Identification Funding sources: none reported
Declarations of interest: none reported
Country: China
Setting: eye hospital
Comments:
Publication status: published study
Journal of publication: various
Language: Chinese
Trial registration number: ChiCRT‐INR‐16010256
Contacting study investigators: 1 review author (LED) contacted the corresponding author in August 2019 to clarify whether the study population in this study was the same as the Rong 2018 study, which was confirmed to be the case. LED contacted the corresponding author in November 2019 to obtain further information about the random sequence generation and allocation concealment methods, to inform the risk of bias assessment, but received no response.
Date study conducted: not reported
Corresponding author's name: Xiaoming Yan
Institution: Peking University First Hospital
Email: yanxiaoming7908@163.com
Address: 8 Xishiku Street, Xicheng District, Beijing, China
Notes Additional treatments (in both intervention arms)
  • Polyethylene glycol eyedrops 3 times per day

  • Icepacks for 5 minutes after treatment, if heat or redness noted on the skin

  • 5% compound lidocaine cream applied to eyelid, washed after 30 minutes

  • 0.4% hydrochlorobupivacaine eye drops were dropped into the conjunctiva, 1 drop per 5 minute for total of 2 drops

  • A metallic cover with 0.5% erythromycin was placed on the conjunctiva and fully covered the cornea and sclera.

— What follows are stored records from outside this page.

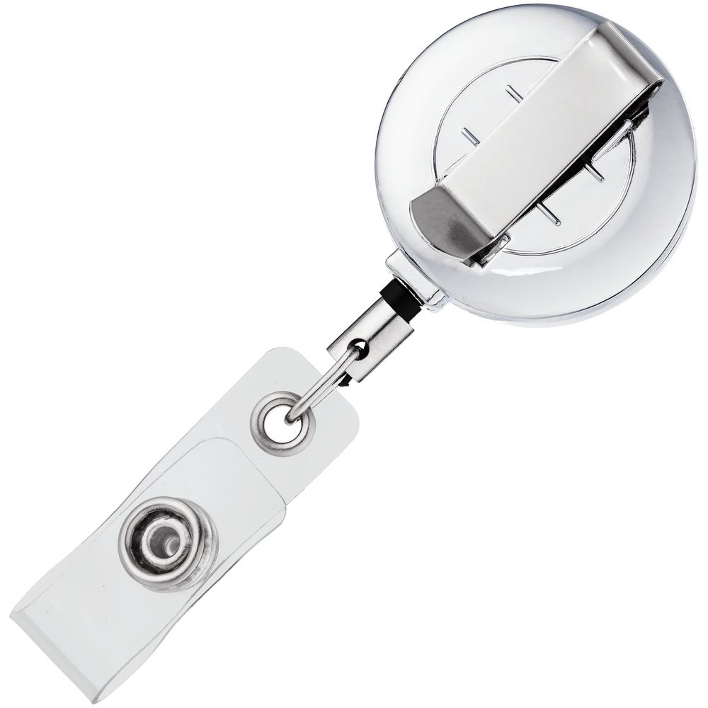 Ретрактор крепится к одежде, а с другой стороны можно поместить бейдж, визитку или магнитную карту. В корпусе спрятан сворачивающийся шнур, который позволяет при необходимости демонстрировать содержимое держателя, не снимая его.
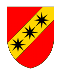 De gueules à la barre d’or, chargé de trois étoiles à huit rais de sable.
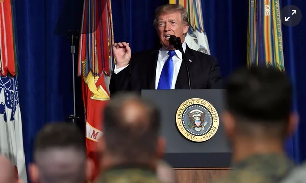 特朗普于美国当地时间周一在弗吉尼亚州阿灵顿的迈尔堡(Fort Myer)发表电视讲话,公布了对阿富汗的新战略,称将扩大美国对阿富汗的军事干预。/图片来自英国《卫报》
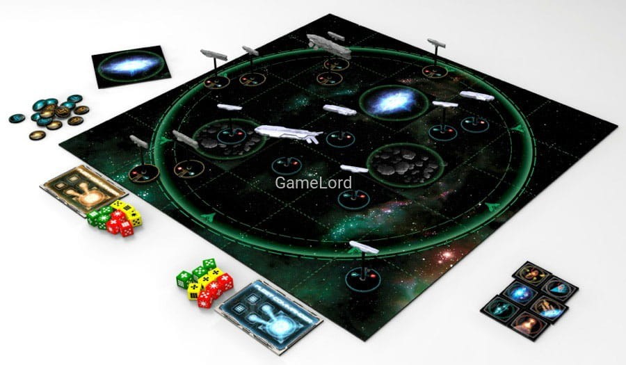 Each player commands a fleet of 7 vessels on a modular checkered board. In turn, a player rolls 3 dice among his command dice. He can play the corresponding roll, or keep them on its “gateway” for following rounds. There are dice to move, attack or put energy into shields. Of great simplicity, yet this system allows deep tactical thinking and many thrills.
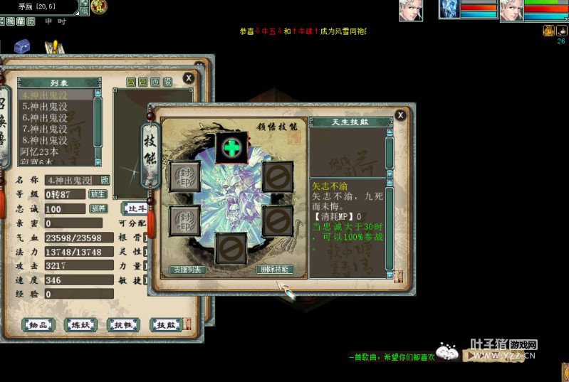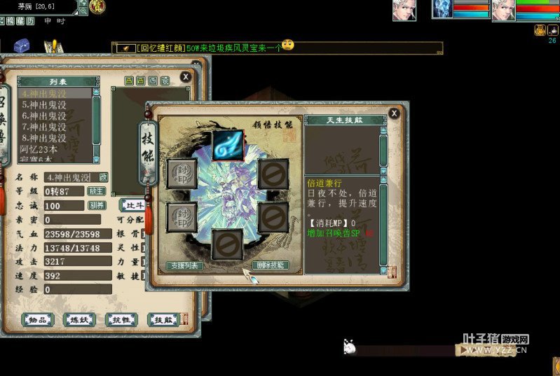 上周五新开的服务器风雪同袍一玩家直播吃万兽要诀想给冰雪魔领悟神出,在吃之前将宝宝名字改成神出鬼没,在吃万兽要诀的过程中甚至把领悟到的小春回都删除了。 不知他能否如愿以偿呢?我们来看看他直播的几率挑战。他先选择了清风桥开吃,看看他的几率: 清风桥开吃
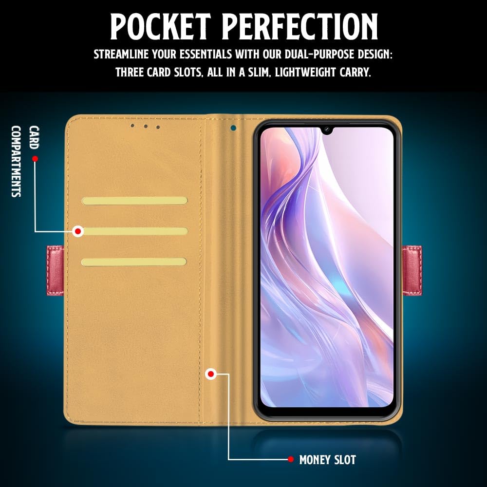 Precisely Crafted for Mi Redmi 13C 5G | Redmi 13C 4G | Poco M6 5G | Poco C65 – Vegan Leather Flip-Back Case Cover.
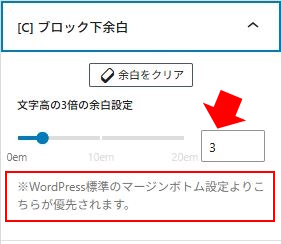 上記が同時に設定されている場合、「ブロック下余白」が優先されることを確認させていただきました。
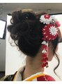 成人式パンフレット作成のスタイルです。首も長いモデルさんなので、スタイルはアップスタイルに身長はあまり高いモデルさんではないので着物の柄がきれいに見える様に着付けしてます。
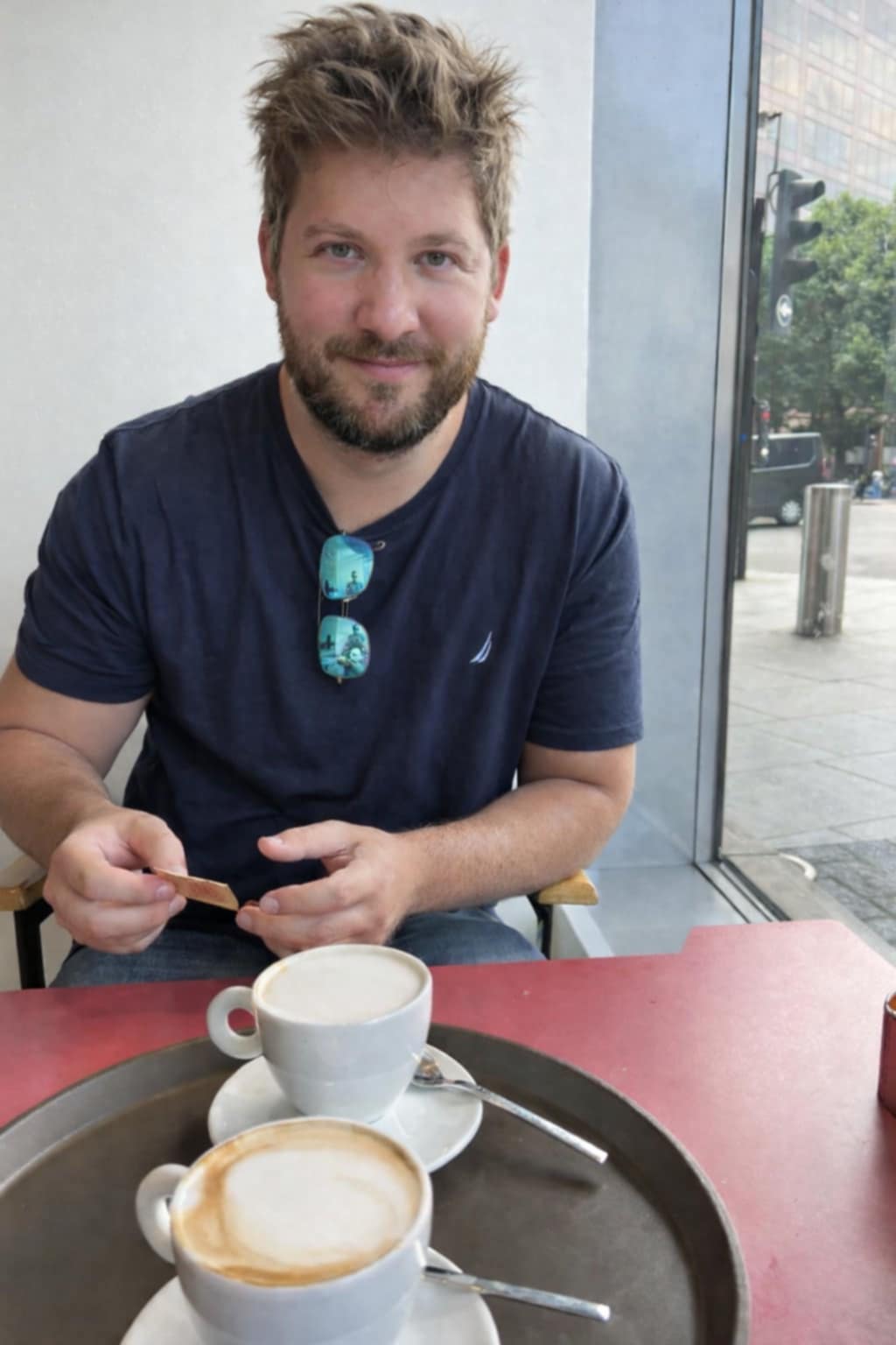 Όπως σημειώνεται στη δημοσίευση, ο Αλέξης φοράει γαλάζιο φούτερ με κουκούλα.
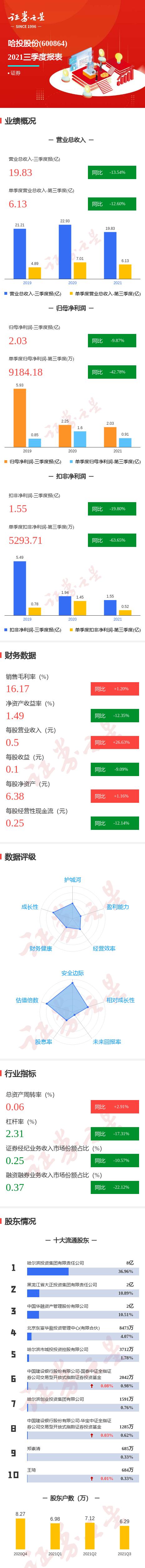哈投股份2021三季报显示,公司主营收入19.83亿元,同比下降13.54%;归母净利润2.04亿元,同比下降9.87%;扣非净利润1.56亿元,同比下降19.8%;其中2021年第三季度,公司单季度主营收入6.13亿元,同比下降12.6%;单季度归母净利润9184.18万元,同比下降42.78%;单季度扣非净利润5293.71万元,同比下降63.65%;负债率56.63%,投资收益-8222.91万元,财务费用2642.21万元,毛利率16.17%。
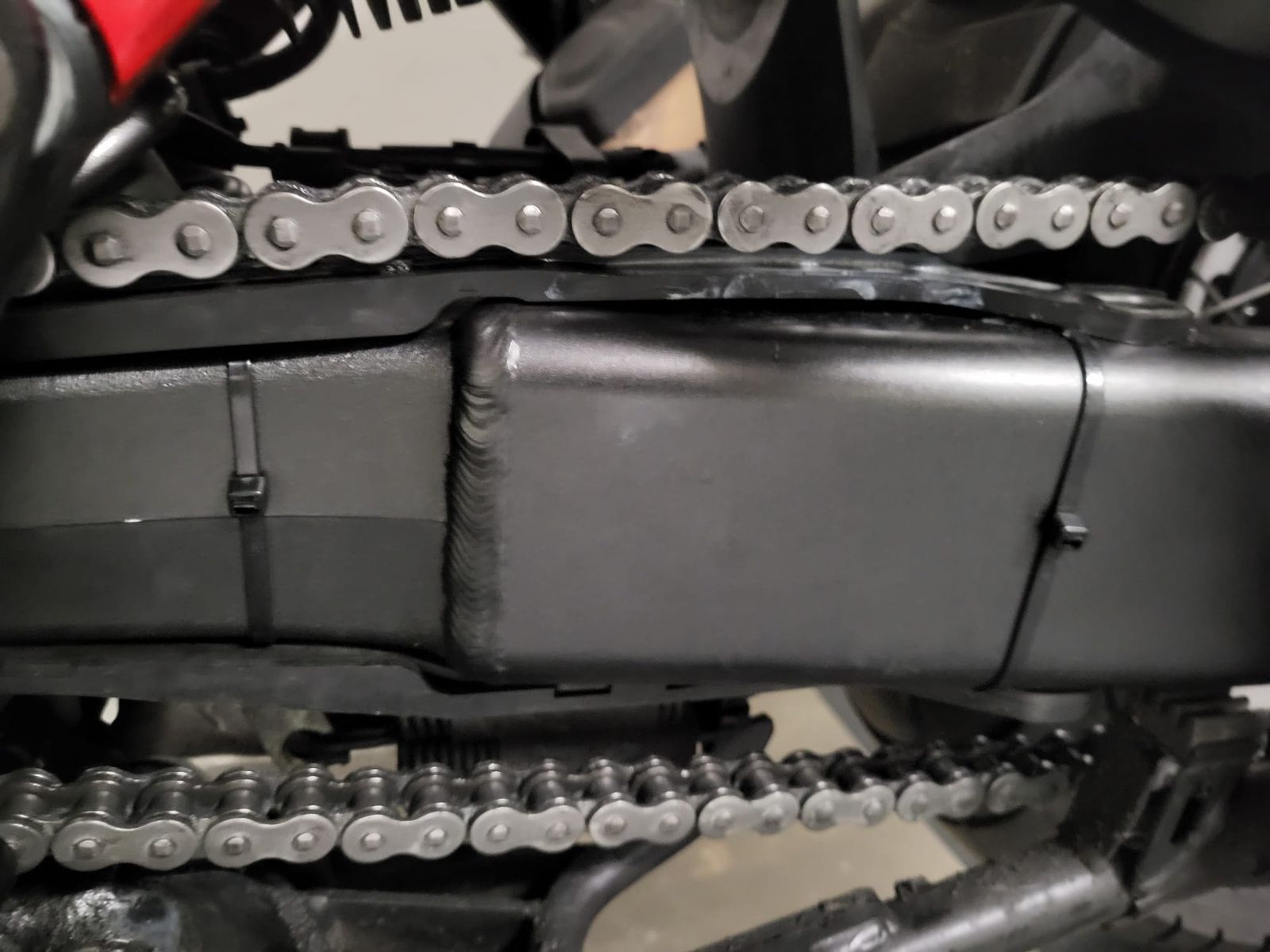 Alles anzeigenKönnte man eigentlich in die Schwinge einige Löcher bohren zum anschrauben von Schlauchhaltern?
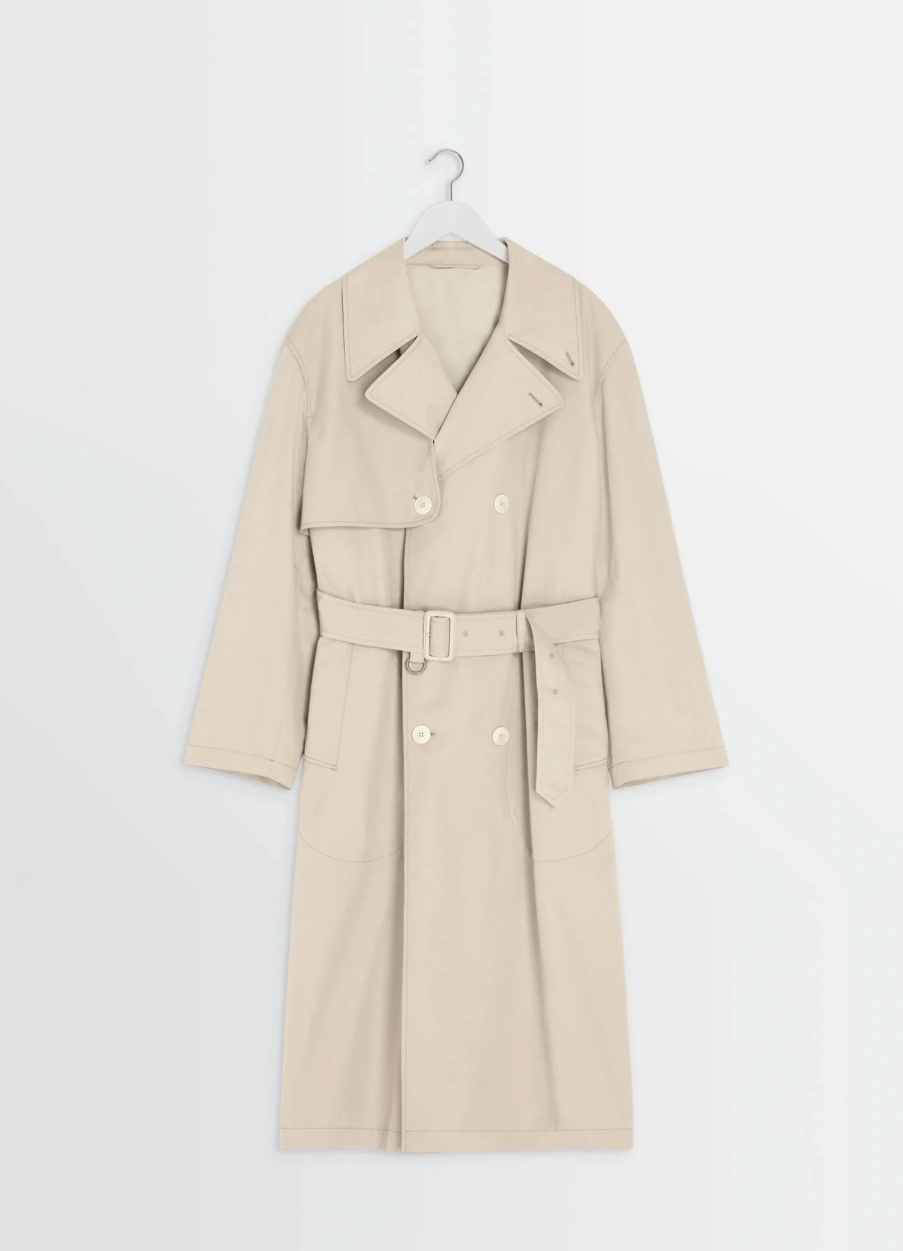 This trench coat is made from Ventile® cotton, a lightweight, naturally water-repellent fabric with a soft hand and a smooth, matte appearance. These properties make it a timeless, functional piece, ideal for mid-season. The model is 187 cm tall and is wearing a size 48 (M). This trench coat is made from Ventile® cotton, a lightweight, naturally water-repellent fabric with a soft hand and a smooth, matte appearance. These properties make it a timeless, functional piece, ideal for mid-season. The model is 187 cm tall and is wearing a size 48 (M). DETAILS Long trench coat in water-repellent Ventile® cotton twill br>Oversized cut Semi-lined model Trench collar with buttonholes and under-collar buttons Buttoned storm flap Long sleeves Double-breasted closure Side pockets Belt loops at the back Removable belt with leather-wrapped buckle and metal rings Buttoned back vent Zipped inside pockets Made in Lithuania Style : CO1126 LF1441 Long trench coat in water-repellent Ventile® cotton twill br>Oversized cut Semi-lined model Trench collar with buttonholes and under-collar buttons Buttoned storm flap Long sleeves Double-breasted closure Side pockets Belt loops at the back Removable belt with leather-wrapped buckle and metal rings Buttoned back vent Zipped inside pockets Made in Lithuania Style : CO1126 LF1441 CARE Main Material: 100% Cotton Main Lining: 58% Polyamide 42% Polyester Second Lining: 100% Cotton Technichal materials: 100% Cow Leather Main Material: 100% Cotton Main Lining: 58% Polyamide 42% Polyester Second Lining: 100% Cotton Technichal materials: 100% Cow Leather
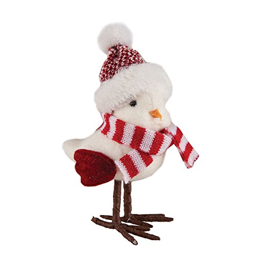 - Features a fuzzy white bird wearing a fuzzy winter hat & a candy cane stripe scarf
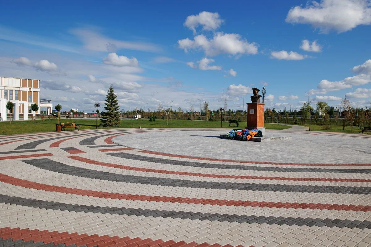 Зона фонтана и территория, где расположен памятник Маршалу И.Х. Баграмяну оформлены плиткой Старый город и прямоугольник 100 на 200 в цвете Антрацит.

Adverse events: 5 participants had mild pain and burning, and 1 participant experienced an event that led to them partially missing their eyelashes "following mistakes from the doctors during treatment." These authors indicated that 0 participants experienced inflammation, retinal damage, ocular surface injury or injury to the posterior eye.
Comments on statistical analysis: this study was an intra‐person (between eye) comparative trial. However, the results presented in the paper appeared not to be from a paired analysis. This represents a statistical analysis error, which limits our confidence in the reported inter‐eye differences.
Risk of bias
Bias Authors' judgement Support for judgement
Random sequence generation (selection bias) Unclear risk Judgement comment: not reported how list was generated. Trial was described as "randomised" but with no further details.
Allocation concealment (selection bias) Unclear risk Judgement comment: allocation administration not reported.
Blinding of participants and personnel (performance bias) 
 All outcomes Unclear risk Judgement comment: stated as "double‐blind" but no indication of who was masked.
Blinding of outcome assessment (detection bias) 
 All outcomes Unclear risk Judgement comment: stated as "double‐blind" but no indication of who was masked.
Incomplete outcome data (attrition bias) 
 All outcomes Low risk Judgement comment: missing data < 20% (i.e. > 80% participant follow‐up) and equal follow‐up in both groups and no obvious reason why loss to follow‐up should be related to outcome.
Selective reporting (reporting bias) High risk Judgement comment: retrospective registration of trial.
Other bias Low risk Judgement comment: no other apparent sources of bias.

BCVA: best‐corrected visual acuity; BUT: break‐up time; CFS: corneal fluorescein staining; IPL: intense pulsed light; LLT: lipid layer thickness; MGD: meibomian gland dysfunction; MGX: meibomian gland expression; MGYSS: Meibomian Glands Yielding Secretion Score; NIBUT: non‐invasive break‐up time; OCT: optical coherence tomography; SD: standard deviation; SPEED: Standard Patient Evaluation of Eye Dryness; TER: tear evaporation rate; TMH: tear meniscus height; VAS: visual analogue scale.